K-mean alignment and variants for functional data

kma(
  x,
  y,
  n_clusters = 1L,
  warping_class = c("affine", "dilation", "none", "shift", "srsf"),
  seeds = NULL,
  maximum_number_of_iterations = 100L,
  centroid_type = c("mean", "medoid"),
  distance = c("l2", "pearson"),
  warping_options = c(0.15, 0.15),
  number_of_threads = 1L,
  parallel_method = 0L,
  distance_relative_tolerance = 0.001,
  use_fence = FALSE,
  check_total_dissimilarity = TRUE,
  use_verbose = TRUE,
  compute_overall_center = FALSE
)

Arguments

x

A numeric matrix of shape nObs x nPts specifying the evaluation grid of each observation.

y

A numeric array of shape nObs x nDim x nPts specifying the observation values.

n_clusters

An integer value specifying the number of clusters. Defaults to 1L.

warping_class

A string specifying the warping class Choices are "affine", "dilation", "none", "shift" or "srsf". Defaults to "affine". The SRSF class is the only class which is boundary-preserving.

seeds

An integer vector of length n_clust specifying the indices of the initial templates. Defaults to NULL, which boils down to randomly sampled indices.

maximum_number_of_iterations

An integer specifying the maximum number of iterations before the algorithm stops (default: 100L).

centroid_type

A string specifying the type of centroid to compute. Choices are "mean" or "medoid". Defaults to "mean". This is used only when warping_class != "srsf". When warping_class = "srsf, the mean is systematically used.

distance

A string specifying the distance used to compare curves. Choices are "l2" or "pearson". Defaults to "l2". This is used only when warping_class != "srsf".

warping_options

A numeric vector supplied as a helper to the chosen warping_class to decide on warping parameter bounds. This is used only when warping_class != "srsf".

number_of_threads

An integer value specifying the number of threads used for parallelization. Defaults to 1L. This is used only when warping_class != "srsf".

parallel_method

An integer value specifying the type of desired parallelization for template computation, If 0L, templates are computed in parallel. If 1L, parallelization occurs within a single template computation (only for the medoid method as of now).
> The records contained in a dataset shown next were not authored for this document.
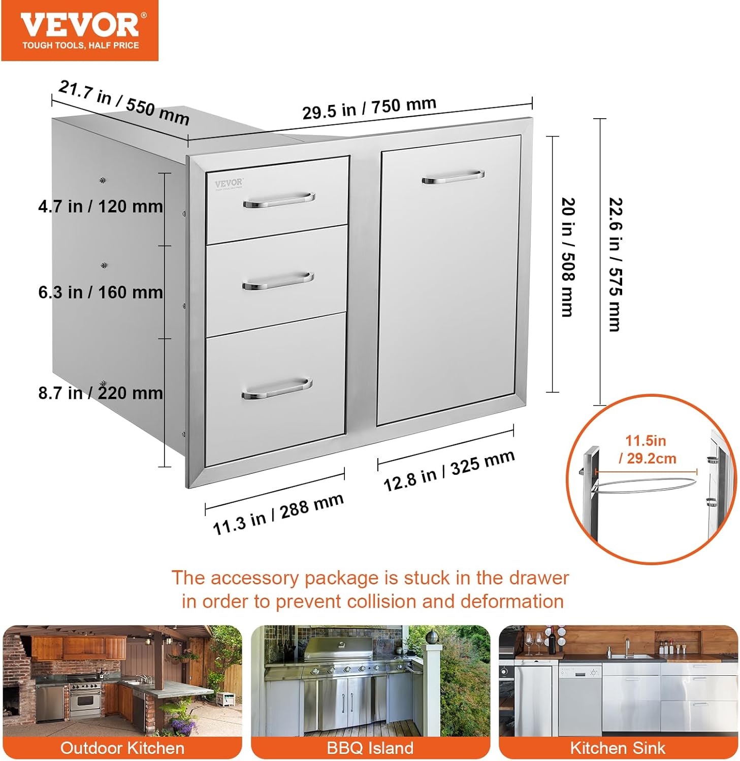 Premium Details: The stainless steel BBQ drawers were built with a lot of consideration providing you maximum convenience and security. Integrated high-end design no drilling required for installation good for sealing. Round corners can reduce the scratch while using; a sleek handle can allow you to open the drawer effortlessly; the seamless design can keep your inside items dry and secure.
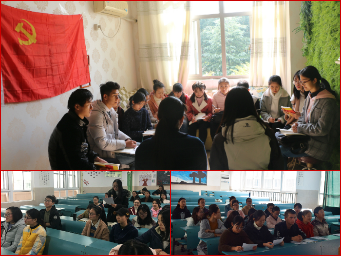 党的十九大召开以来,学院多次以朋辈教育形式,邀请高年级优秀学生党员,为预备党员入党积极分子开设一堂堂别开生面的党课一位来自2014级旅游管理专业的学生党员韦银艳就自身学习工作经历,浅谈对“不忘初心、牢记使命”的理解另一位来自2014级地理科学专业学生党员王一凡则和大家交流自己学习党的十九大精神的感悟,从自身出发,号召大家领会党的十九大的重大意义,明确党的十九大的主题,理解中国特色社会主义新时代内涵。
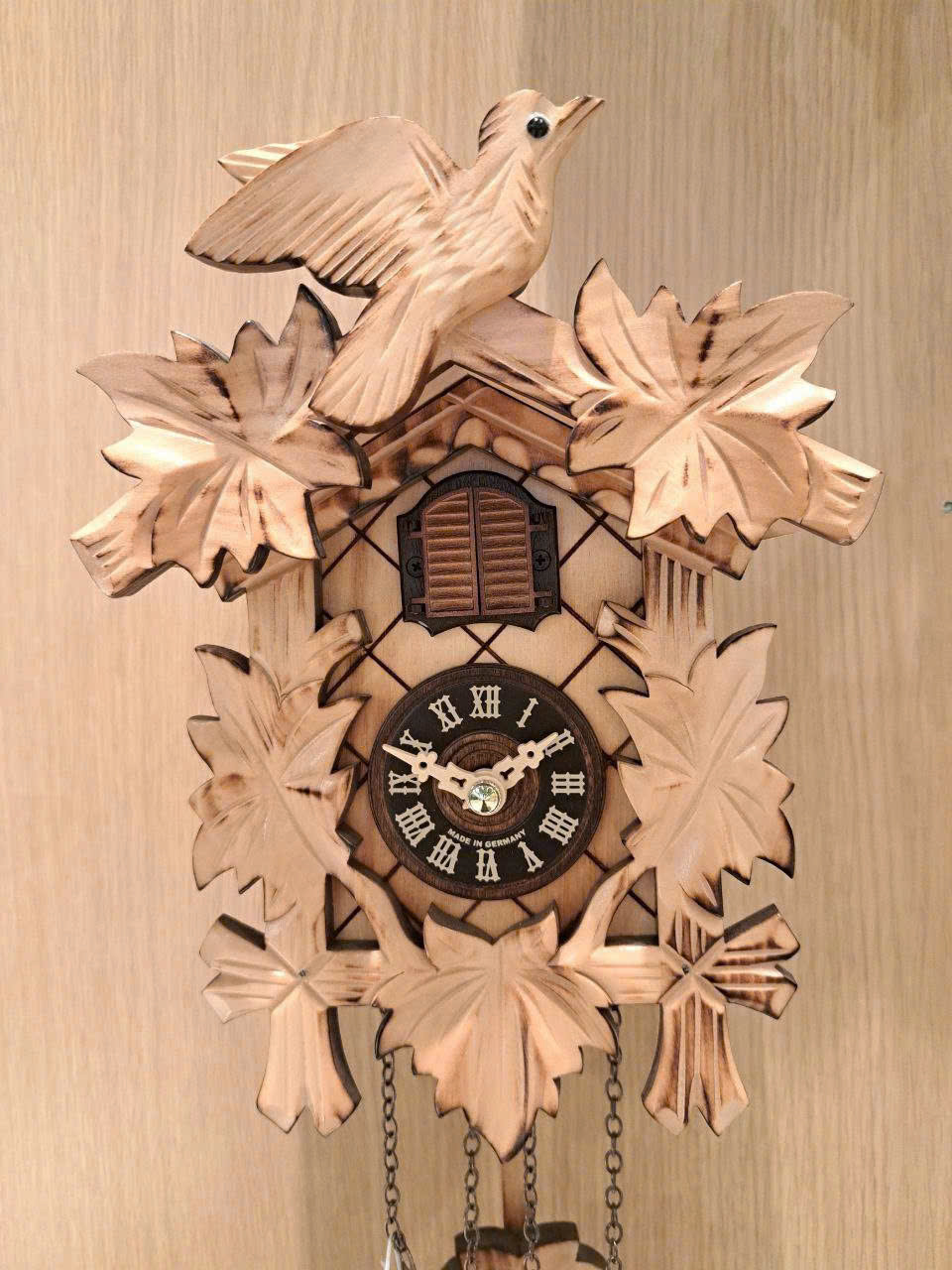 Đồng hồ Cuc koo nổi tiếng thế giới được chế tác thủ công tinh xảo hoàn toàn bằng tay và gỗ tự nhiên tại vùng Rừng Đen (Black Forest) nước Đức. Chạy pin, máy Đức siêu bền và chuẩn xác Chim cu gáy kêu mỗi giờ, điểm số tiếng Đồng hồ chim cúc cu bằng gỗ thật, mái lợp ngói bằng gỗ thật, vỏ gỗ rắn chắc Bộ chuyển động thạch anh hoạt động bằng pin chính xác thứ hai - không cần cuộn dây. Tự động tắt tiếng vào ban đêm thông qua cảm biến ánh sáng Kích thước: 26 x 28cm. Kích thước này chỉ đề cập đến thân đồng hồ, ko kể dây (để dây kích thước là 32x28cm)

Defaults to 0L. This is used only when warping_class != "srsf".

distance_relative_tolerance

A numeric value specifying a relative tolerance on the distance update between two iterations. If all observations have not sufficiently improved in that sense, the algorithm stops. Defaults to 1e-3. This is used only when warping_class != "srsf".

use_fence

A boolean specifying whether the fence algorithm should be used to robustify the algorithm against outliers. Defaults to FALSE. This is used only when warping_class != "srsf".

check_total_dissimilarity

A boolean specifying whether an additional stopping criterion based on improvement of the total dissimilarity should be used. Defaults to TRUE. This is used only when warping_class != "srsf".

use_verbose

A boolean specifying whether the algorithm should output details of the steps to the console. Defaults to TRUE. This is used only when warping_class != "srsf".

compute_overall_center

A boolean specifying whether the overall center should be also computed. Defaults to FALSE. This is used only when warping_class != "srsf".

Value

An object of class kma, which is a list with the following components:

original_curves: A numeric matrix of shape \(N \times L \times M\)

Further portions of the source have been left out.